*** Opening of DATASET EXCERPTS ***

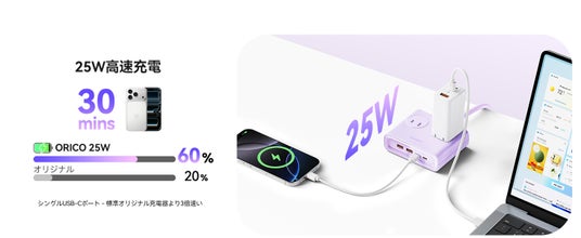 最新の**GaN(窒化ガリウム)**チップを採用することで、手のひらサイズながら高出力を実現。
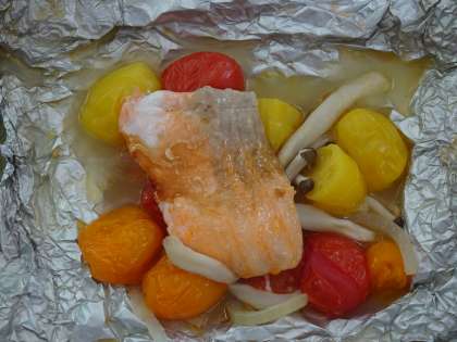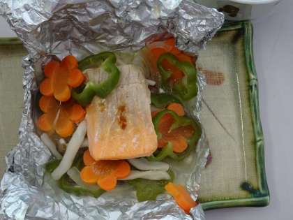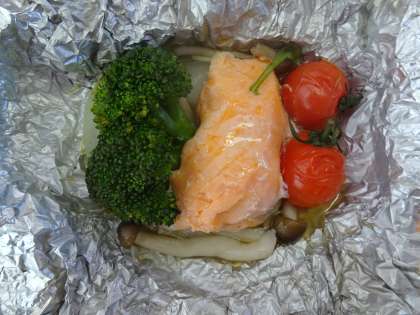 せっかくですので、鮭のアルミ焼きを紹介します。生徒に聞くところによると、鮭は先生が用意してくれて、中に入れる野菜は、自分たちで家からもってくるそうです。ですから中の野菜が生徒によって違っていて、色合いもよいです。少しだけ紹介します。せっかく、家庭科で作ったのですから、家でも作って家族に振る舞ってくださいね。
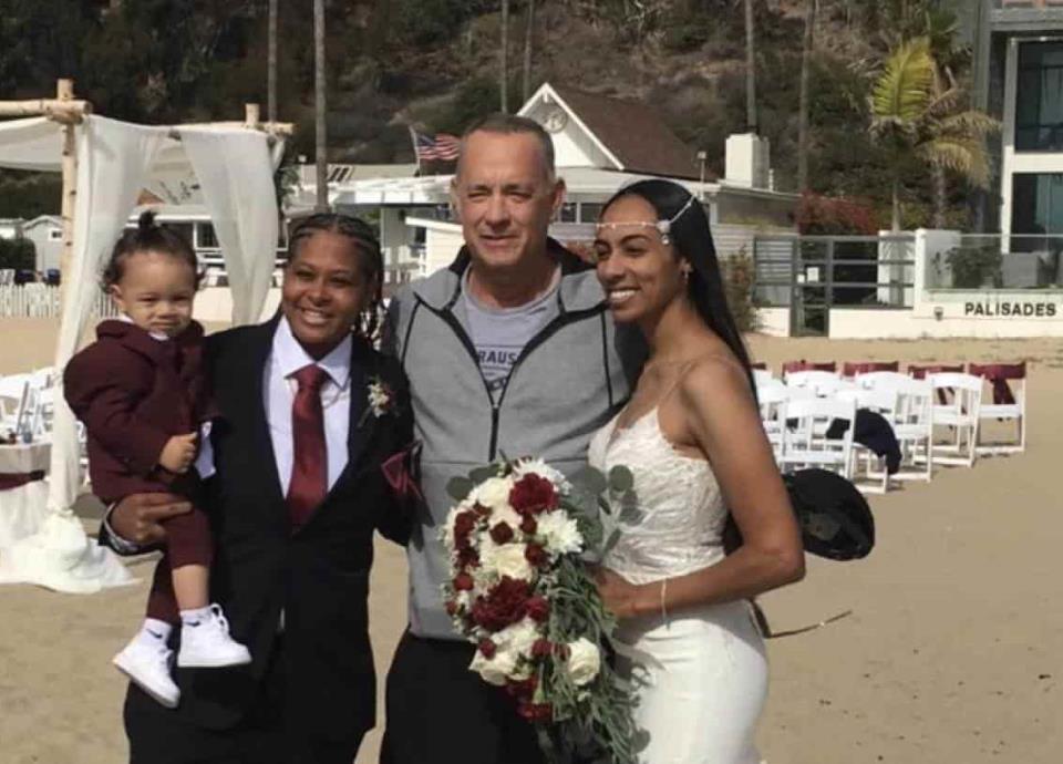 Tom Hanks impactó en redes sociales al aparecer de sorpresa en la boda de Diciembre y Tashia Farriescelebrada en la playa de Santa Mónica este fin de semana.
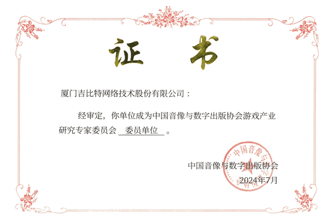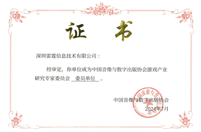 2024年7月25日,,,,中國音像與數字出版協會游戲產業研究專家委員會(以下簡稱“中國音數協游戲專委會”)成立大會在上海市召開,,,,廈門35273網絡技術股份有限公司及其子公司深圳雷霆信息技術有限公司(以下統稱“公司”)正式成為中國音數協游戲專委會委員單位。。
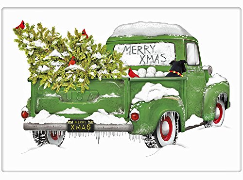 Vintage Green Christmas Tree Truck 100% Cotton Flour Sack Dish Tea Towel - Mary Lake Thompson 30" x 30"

*** Close of DATASET EXCERPTS ***

• ACTION ITEM
Drop the pictures and set down the data above exactly.

• TASK SOLUTION
 最新の**GaN(窒化ガリウム)**チップを採用することで、手のひらサイズながら高出力を実現。
 せっかくですので、鮭のアルミ焼きを紹介します。生徒に聞くところによると、鮭は先生が用意してくれて、中に入れる野菜は、自分たちで家からもってくるそうです。ですから中の野菜が生徒によって違っていて、色合いもよいです。少しだけ紹介します。せっかく、家庭科で作ったのですから、家でも作って家族に振る舞ってくださいね。
 Tom Hanks impactó en redes sociales al aparecer de sorpresa en la boda de Diciembre y Tashia Farriescelebrada en la playa de Santa Mónica este fin de semana.
 2024年7月25日,,,,中國音像與數字出版協會游戲產業研究專家委員會(以下簡稱“中國音數協游戲專委會”)成立大會在上海市召開,,,,廈門35273網絡技術股份有限公司及其子公司深圳雷霆信息技術有限公司(以下統稱“公司”)正式成為中國音數協游戲專委會委員單位。。
 Vintage Green Christmas Tree Truck 100% Cotton Flour Sack Dish Tea Towel - Mary Lake Thompson 30" x 30"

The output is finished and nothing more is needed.